══ DATASET CONTENT

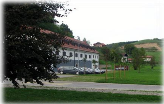
Posajene lipe in javorji pred občino
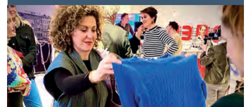
De grote lente kledingruilmarkt
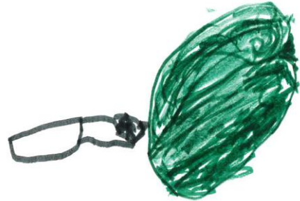
Bjorn: We hebben ook nog een kiwi gesneden
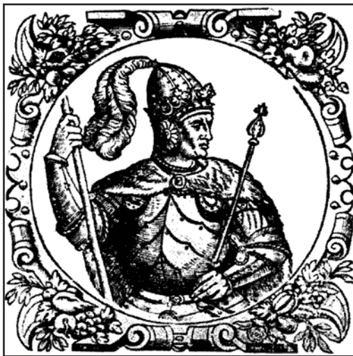
Рис. 3.3. Великий литовський князь Вітовт

ких військ вона у 1387 р. остаточно відвоювала в Угорщини Галичину і встановила владу над Молдавським князівством. Під тиском польських панів Ягайло приєднав Галичину не до Литви, а до Польщі, зобов'язавшись навічно зберігати її «собої, Ядвізі, дітям і короні польській».
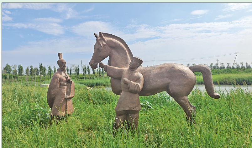
▲河东成语典故园「伯乐一顾」雕塑

因受秦穆公之命，伯乐在冀州挑选良马。当时，虞国国君亦爱好马，也请他来选马。伯乐来到贩运解盐的虞坂古道上，发现普通的马一天拉盐只能走一趟，而有一匹马一天能走三趟。由于载重多、路滑，这匹马被困车下，车夫不停
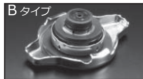
Bタイプ 商品コード: 00B 050 B13 税抜価格: ¥2,500

注意 本製品は純正ラジエーターキャップより圧力を高く設定しています。車輛故障の原因となりますので、ラジエーターホース、ラジエーターヒーターホースが劣化及び損傷した状態のまま取付は絶対しないでください。
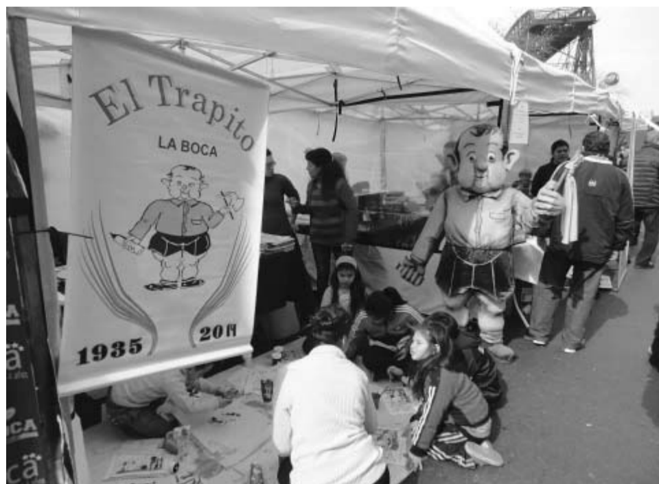
Stand de la Asociación El Trapito. Feria de Entidades Barriales. «La Boca Cumple 144 años Vuelve La Fiesta». 30-08-2014.
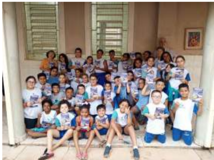
Alunos participantes do Projeto Mentis Criativas
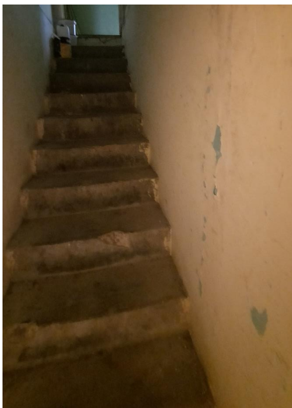
prowadząca do piwnicy
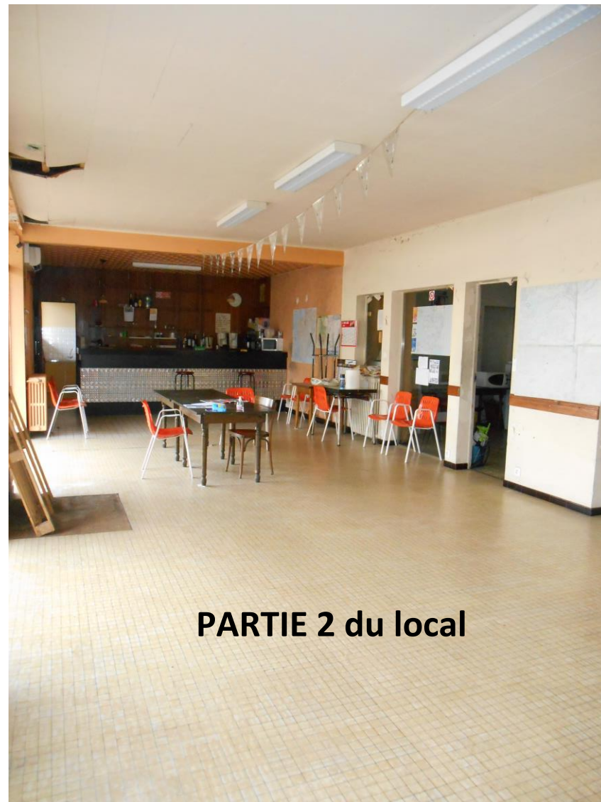
PARTIE 2 du local
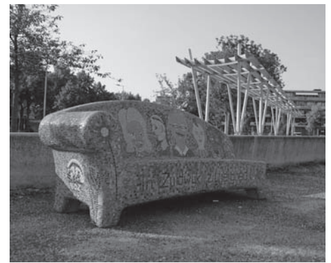
Een blijvend aandenken aan de BOZ: de Social Sofa in het Van Tijenplantsoen

Nadat in 2012 de ondersteuning van het gesubsidieerde opbouwwerk vanuit de Gemeente stopte, hebben we, als vrijwilligers, onze schouders eronder gezet en zijn zelf verder gegaan. Dat was soms moeilijk omdat je toch experts nodig hebt om mensen te motiveren en enthousiast te maken voor hun wijk. We hebben dit in onze ogen toch aardig volgehouden. Om onze vrijwilligers te bedanken, die soms jarenlang van de partij waren, maakten we diverse jaren een uitstapje of we gingen uit eten. Aan het eind van het jaar volgde dan onze traditionele kerstborrel, voor onze mensen en relaties.
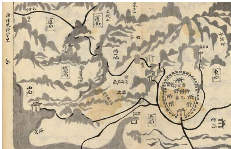
<도 2> 『호서읍지』(1895년)의 해미지도

현재 <표 1>의 동쪽 11리와 <도 2>에 표기되어 있는 비슷한 위치에 안흥정의 옛터와 지명이 남아 있다. 이곳은 현 충남 서산시 해미면 산수리 한서대학교 부근에 해당된다. 52) 따라서 이 안흥정도 실제 있었던 정이라 하겠다. 이제 태안 馬島 안흥정을 살펴보도록 하겠다. 다음은 『고려도경』의 관련 내용이다.
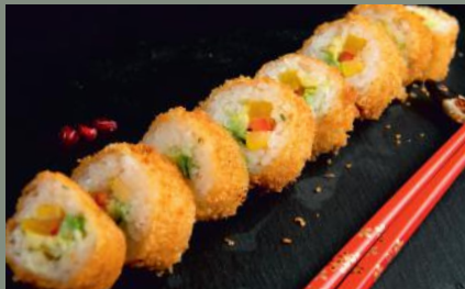
Végétarien 10.00€ (1,3) Omelette, poivron, radis, avocat, menthe
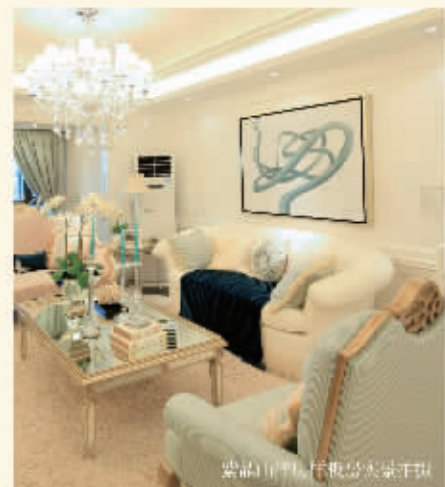
紫晶山国际尊贵大堂样板间
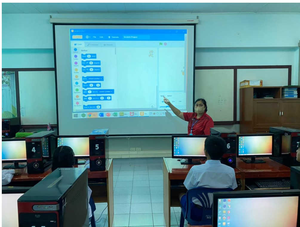
ภาพการจัดการเรียนการสอน
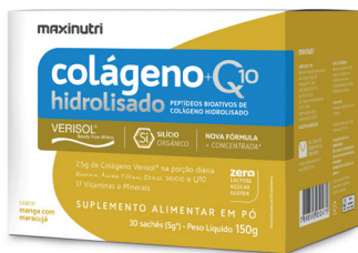
Cód.41247 - Verisol+Q10 Manga/ Maracujá Sachê 30x5g
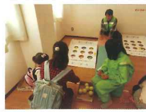
ハリキリンピック
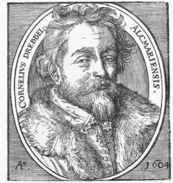
CORNELIS DREBBEL, (1572 – 1633.)

"Ik zie de schavotten buiten en ik hoor over de executies, die je laat uitvoeren; ik smeeke je, breng niet een van s'werelds wijste mensen om: Cornelis Drebbel".
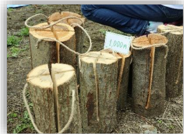
日野産材スウェーデントーチ
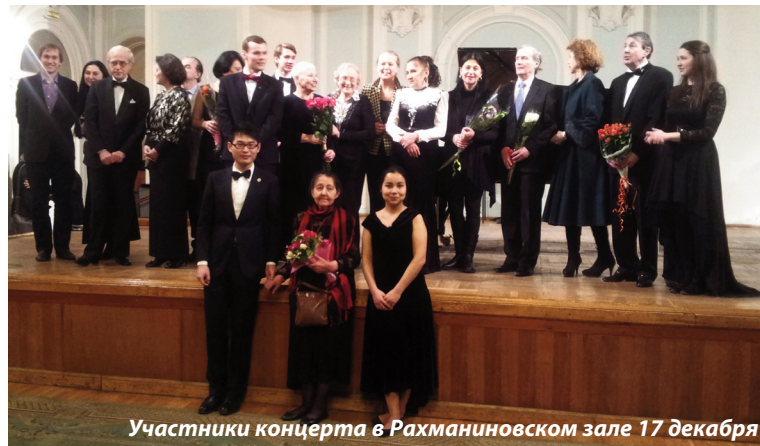
Участники концерта в Рахманиновском зале 17 декабря
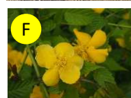
F ヤマブキ(バラ科) 4-5月 気品、崇高、金運
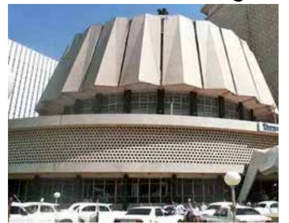
निर्णय घेण्यात आला आहे.

आज घेण्यात आलेल्या निर्णयानुसार शनिवार, रविवार, सोमवार, मंगळवार असे चार दिवस अधिवेशन होणार नाही. तर, पुढील बुधवार, गुरुवार आणि शुक्रवार असे तीन दिवस अधिवेशन होणार आहे. विधानसभा कामकाज सल्लागार समितीच्या बैठकीत हा
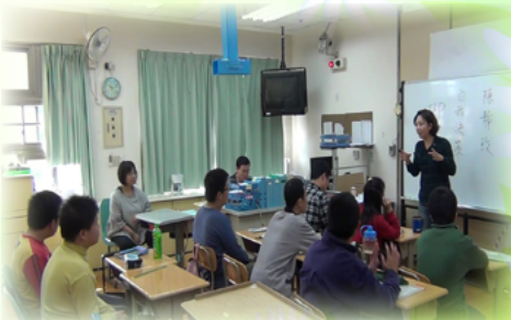
靜攻組長為學生上課專注的神情
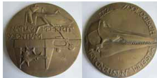
Fig. 6. Erepenning ZMA ' Natura Peperit Scientiam '.
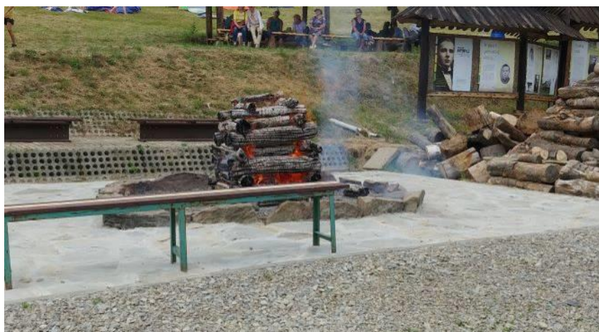
Watra została rozpalona

Tegoroczny program był bardzo bogaty. Na scenie wystąpiło 40 zespołów z Polski, Ukrainy, Serbii i Słowacji. Oto kilka koncertujących zespołów: z Polski – Horpyna, Osławiany, Kyczera, z Ukrainy –
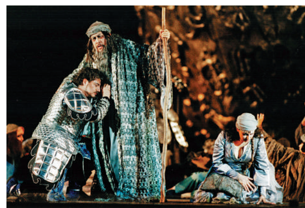
▲田浩江(中)在意大利曾經的角鬥場演出歌劇《圖蘭朵》。
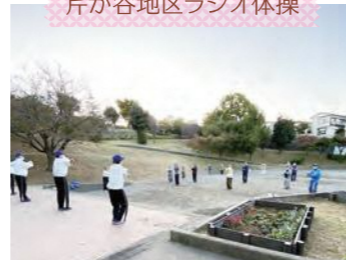
芹が谷地区ラジオ体操

毎年新任研修会や 全体研修会を開催し 正しいラジオ体操の仕方や 競技のルールを 研修しています
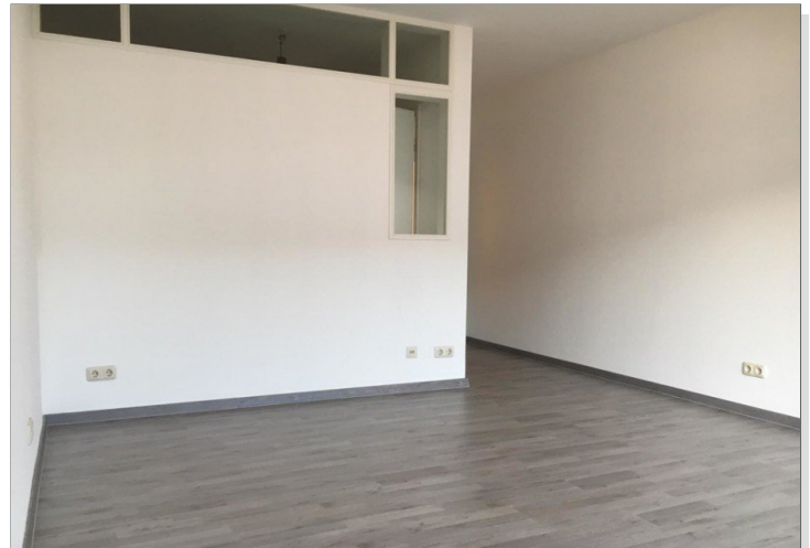
WZ Bild 1
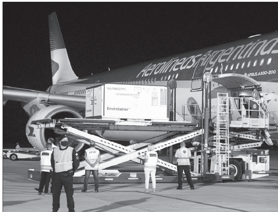
▲ Todas las dosis que sean producidas en Argentina regresarán a Rusia para que desde ahí, el gobierno distribuya al resto del mundo el antídoto.

"El primer lote producido será entregado al Centro Gamaleya (de Rusia) para realizar el control de calidad correspondiente. Está previsto que la pro-
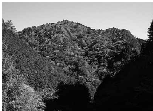
「山の神の日」を祝うかのように紅葉がピークを迎えた水源地の森

11月3日は今年最後の水源地の森ツアー。また10日は関西電力労働組合さん、17日は和歌山市民の森づくり源流体験学習会で「吉野川源流―水源地の森」を案内させていただきました。急な冷え込みで、一気に紅葉が進んだため、いずれの日も美しい紅葉をお楽しみいただきました。 「吉野川源流―水源地の森」は2016年にユネスコの「人間と
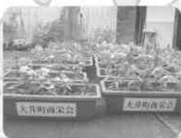
花、灯籠、提灯 夏を飾りました
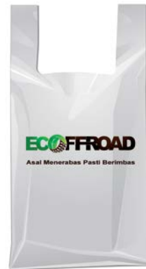
Gambar 4.16 Kantong plastik
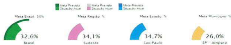
Indicador 12A: Taxa bruta de matrículas na graduação (TBM)

Fonte: Estado, Região e Brasil - PNAD - 2015 e Censo de Educação Superior 2015 Fonte: Município e Mesorregião - IBGE/Censo Populacional - 2010
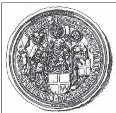
Pečať krakovského biskupa Zbigniewa Olesznického (1423 – 1455).
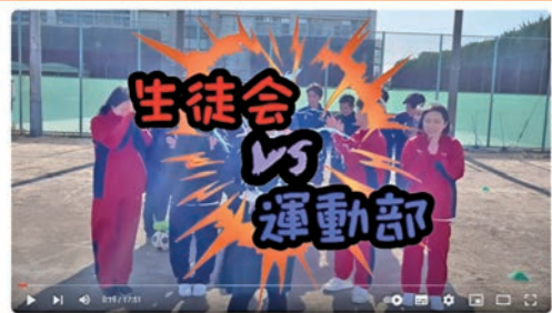
【葛飾商業全日刊】生徒会と運動部がスポーツ二難関角！？【Youtube甲子園】
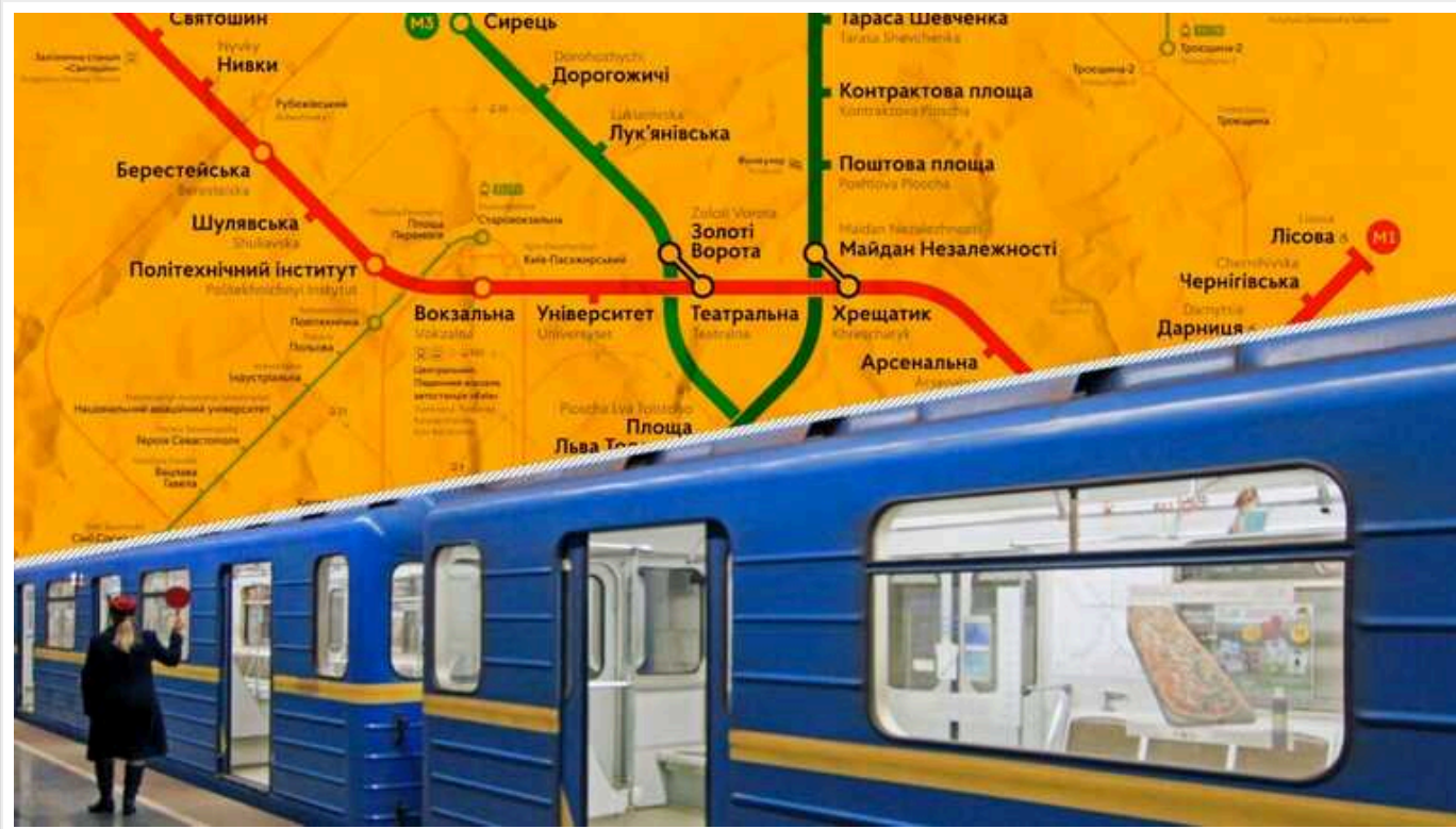
Київський метрополітен замовив ремонт червоної гілки за 1,5 млрд грн у родички бізнес-партнера експлави метро Брагінського

Про це повідомляється у розслідуванні Bihus.Info.
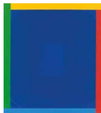
1. Georg Karl Pfahler: Cím nélkül, 1965 magántulajdon
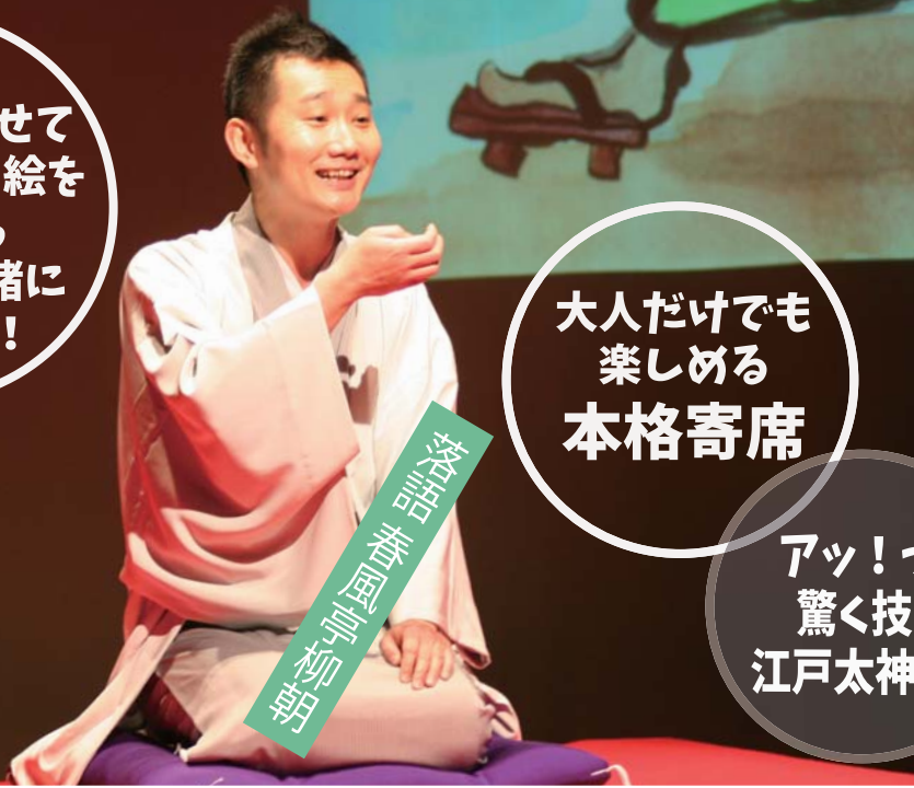
落語 春風亭 柳朝
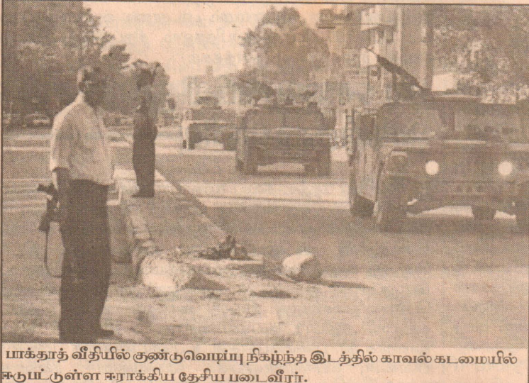
பாக்தாத் வீதியில் குண்டு வெடிப்பு நிகழ்ந்த இடத்தில் காவல் கடமையில் ஈடுபட்டுள்ள ஈராக்கிய தேசிய படைவீரர்.

ரிக்க ஒன்றியத்தின் யோசனைகளை அந்நாட்டு அரசாங்கம் நிராகரித்துள்ளது.
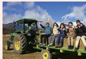
▲ヘイライドを楽しむ参加者

期間 3月29日(日)までの土・日曜日、祝日の①午前11時30分～②午後1時30分～(約15分間) 費用 1人500円(未就学児無料) 問合せ (公財) キープ協会清泉寮 ☎ 0551-48-2114
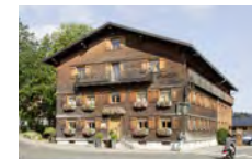
Generalsanierung Gasthof Adler

════

* _PROBLEM STATEMENT_
In your answer, repeat all the entries exactly, but leave out the pictures.

* _EXERCISE ANSWER_
Posajene lipe in javorji pred občino
De grote lente kledingruilmarkt
Bjorn: We hebben ook nog een kiwi gesneden
Рис. 3.3. Великий литовський князь Вітовт

ких військ вона у 1387 р. остаточно відвоювала в Угорщини Галичину і встановила владу над Молдавським князівством. Під тиском польських панів Ягайло приєднав Галичину не до Литви, а до Польщі, зобов'язавшись навічно зберігати її «собої, Ядвізі, дітям і короні польській».
▲河东成语典故园「伯乐一顾」雕塑

因受秦穆公之命，伯乐在冀州挑选良马。当时，虞国国君亦爱好马，也请他来选马。伯乐来到贩运解盐的虞坂古道上，发现普通的马一天拉盐只能走一趟，而有一匹马一天能走三趟。由于载重多、路滑，这匹马被困车下，车夫不停
Bタイプ 商品コード: 00B 050 B13 税抜価格: ¥2,500

注意 本製品は純正ラジエーターキャップより圧力を高く設定しています。車輛故障の原因となりますので、ラジエーターホース、ラジエーターヒーターホースが劣化及び損傷した状態のまま取付は絶対しないでください。
Stand de la Asociación El Trapito. Feria de Entidades Barriales. «La Boca Cumple 144 años Vuelve La Fiesta». 30-08-2014.
Alunos participantes do Projeto Mentis Criativas
prowadząca do piwnicy
PARTIE 2 du local
Een blijvend aandenken aan de BOZ: de Social Sofa in het Van Tijenplantsoen

Nadat in 2012 de ondersteuning van het gesubsidieerde opbouwwerk vanuit de Gemeente stopte, hebben we, als vrijwilligers, onze schouders eronder gezet en zijn zelf verder gegaan. Dat was soms moeilijk omdat je toch experts nodig hebt om mensen te motiveren en enthousiast te maken voor hun wijk. We hebben dit in onze ogen toch aardig volgehouden. Om onze vrijwilligers te bedanken, die soms jarenlang van de partij waren, maakten we diverse jaren een uitstapje of we gingen uit eten. Aan het eind van het jaar volgde dan onze traditionele kerstborrel, voor onze mensen en relaties.
<도 2> 『호서읍지』(1895년)의 해미지도

현재 <표 1>의 동쪽 11리와 <도 2>에 표기되어 있는 비슷한 위치에 안흥정의 옛터와 지명이 남아 있다. 이곳은 현 충남 서산시 해미면 산수리 한서대학교 부근에 해당된다. 52) 따라서 이 안흥정도 실제 있었던 정이라 하겠다. 이제 태안 馬島 안흥정을 살펴보도록 하겠다. 다음은 『고려도경』의 관련 내용이다.
Végétarien 10.00€ (1,3) Omelette, poivron, radis, avocat, menthe
紫晶山国际尊贵大堂样板间
ภาพการจัดการเรียนการสอน
Cód.41247 - Verisol+Q10 Manga/ Maracujá Sachê 30x5g
ハリキリンピック
CORNELIS DREBBEL, (1572 – 1633.)

"Ik zie de schavotten buiten en ik hoor over de executies, die je laat uitvoeren; ik smeeke je, breng niet een van s'werelds wijste mensen om: Cornelis Drebbel".
日野産材スウェーデントーチ
Участники концерта в Рахманиновском зале 17 декабря
F ヤマブキ(バラ科) 4-5月 気品、崇高、金運
निर्णय घेण्यात आला आहे.

आज घेण्यात आलेल्या निर्णयानुसार शनिवार, रविवार, सोमवार, मंगळवार असे चार दिवस अधिवेशन होणार नाही. तर, पुढील बुधवार, गुरुवार आणि शुक्रवार असे तीन दिवस अधिवेशन होणार आहे. विधानसभा कामकाज सल्लागार समितीच्या बैठकीत हा
靜攻組長為學生上課專注的神情
Fig. 6. Erepenning ZMA ' Natura Peperit Scientiam '.
Watra została rozpalona

Tegoroczny program był bardzo bogaty. Na scenie wystąpiło 40 zespołów z Polski, Ukrainy, Serbii i Słowacji. Oto kilka koncertujących zespołów: z Polski – Horpyna, Osławiany, Kyczera, z Ukrainy –
▲田浩江(中)在意大利曾經的角鬥場演出歌劇《圖蘭朵》。
芹が谷地区ラジオ体操

毎年新任研修会や 全体研修会を開催し 正しいラジオ体操の仕方や 競技のルールを 研修しています
WZ Bild 1
▲ Todas las dosis que sean producidas en Argentina regresarán a Rusia para que desde ahí, el gobierno distribuya al resto del mundo el antídoto.

"El primer lote producido será entregado al Centro Gamaleya (de Rusia) para realizar el control de calidad correspondiente. Está previsto que la pro-
「山の神の日」を祝うかのように紅葉がピークを迎えた水源地の森

11月3日は今年最後の水源地の森ツアー。また10日は関西電力労働組合さん、17日は和歌山市民の森づくり源流体験学習会で「吉野川源流―水源地の森」を案内させていただきました。急な冷え込みで、一気に紅葉が進んだため、いずれの日も美しい紅葉をお楽しみいただきました。 「吉野川源流―水源地の森」は2016年にユネスコの「人間と
花、灯籠、提灯 夏を飾りました
Gambar 4.16 Kantong plastik
Indicador 12A: Taxa bruta de matrículas na graduação (TBM)

Fonte: Estado, Região e Brasil - PNAD - 2015 e Censo de Educação Superior 2015 Fonte: Município e Mesorregião - IBGE/Censo Populacional - 2010
Pečať krakovského biskupa Zbigniewa Olesznického (1423 – 1455).
【葛飾商業全日刊】生徒会と運動部がスポーツ二難関角！？【Youtube甲子園】
Київський метрополітен замовив ремонт червоної гілки за 1,5 млрд грн у родички бізнес-партнера експлави метро Брагінського

Про це повідомляється у розслідуванні Bihus.Info.
1. Georg Karl Pfahler: Cím nélkül, 1965 magántulajdon
落語 春風亭 柳朝
பாக்தாத் வீதியில் குண்டு வெடிப்பு நிகழ்ந்த இடத்தில் காவல் கடமையில் ஈடுபட்டுள்ள ஈராக்கிய தேசிய படைவீரர்.

ரிக்க ஒன்றியத்தின் யோசனைகளை அந்நாட்டு அரசாங்கம் நிராகரித்துள்ளது.
▲ヘイライドを楽しむ参加者

期間 3月29日(日)までの土・日曜日、祝日の①午前11時30分～②午後1時30分～(約15分間) 費用 1人500円(未就学児無料) 問合せ (公財) キープ協会清泉寮 ☎ 0551-48-2114
Generalsanierung Gasthof Adler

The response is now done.